▶ YOUR INSTRUCTIONS:
Return all of the data exactly, omitting any images.

▶ AVAILABLE DATA:
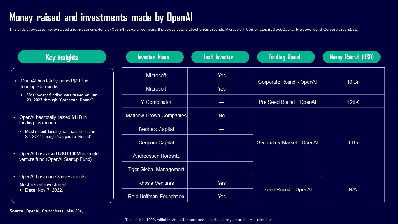 Leveraging Openai API For Business Money Raised And Investments Made By Openai Guidelines PDF
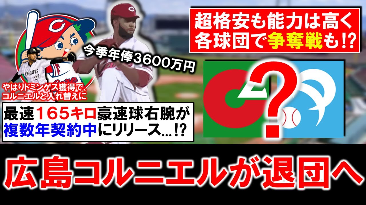 【今季年俸は約3600万円!?】広島助っ人『R.コルニエル』が退団へ!最速165キロを誇る剛腕で現在複数年契約中も『ドミンゲス』獲得でまさかの自由契約!それでも超格安年俸で能力も高く各球団争奪戦も!?
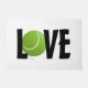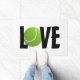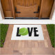 This unique tennis doormat design features the word LOVE with O as a green tennis ball.
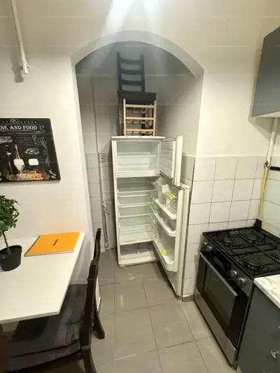 The apartment was freshly renovated one year ago — walls repainted, interior doors renewed, and the parquet floor sanded and refinished.
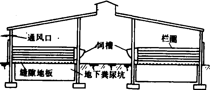 图1 羔羊育肥舍断面简图 供水设备 包括提水、贮水(水罐、贮水塔)输水管道、饮水器等部分。提水在有电源地区用离心水泵或潜水电泵;无电地区常用由风力发动机驱动的活塞泵提水。饮水设备应保证羊只能自由饮水,在围场上常用饮水槽或盆,在羊舍内则用自动饮水器,两者都采用浮子机构控制水位高低。 清粪设备 决定于栏圈的地面形式。如是干土地面,则在上面定期添加垫草,待羊群育肥结束出栏时,由铲式清粪机将粪和垫草一起清出。如是缝隙地板或金属网地面,则不用垫草,粪尿直接漏入粪尿坑内,由设在羊舍两端的粪尿泵将其定期抽入贮粪池。

▶ RESULT OF THE EXERCISE:
 Leveraging Openai API For Business Money Raised And Investments Made By Openai Guidelines PDF
 【今季年俸は約3600万円!?】広島助っ人『R.コルニエル』が退団へ!最速165キロを誇る剛腕で現在複数年契約中も『ドミンゲス』獲得でまさかの自由契約!それでも超格安年俸で能力も高く各球団争奪戦も!?
 This unique tennis doormat design features the word LOVE with O as a green tennis ball.
 The apartment was freshly renovated one year ago — walls repainted, interior doors renewed, and the parquet floor sanded and refinished.
 图1 羔羊育肥舍断面简图 供水设备 包括提水、贮水(水罐、贮水塔)输水管道、饮水器等部分。提水在有电源地区用离心水泵或潜水电泵;无电地区常用由风力发动机驱动的活塞泵提水。饮水设备应保证羊只能自由饮水,在围场上常用饮水槽或盆,在羊舍内则用自动饮水器,两者都采用浮子机构控制水位高低。 清粪设备 决定于栏圈的地面形式。如是干土地面,则在上面定期添加垫草,待羊群育肥结束出栏时,由铲式清粪机将粪和垫草一起清出。如是缝隙地板或金属网地面,则不用垫草,粪尿直接漏入粪尿坑内,由设在羊舍两端的粪尿泵将其定期抽入贮粪池。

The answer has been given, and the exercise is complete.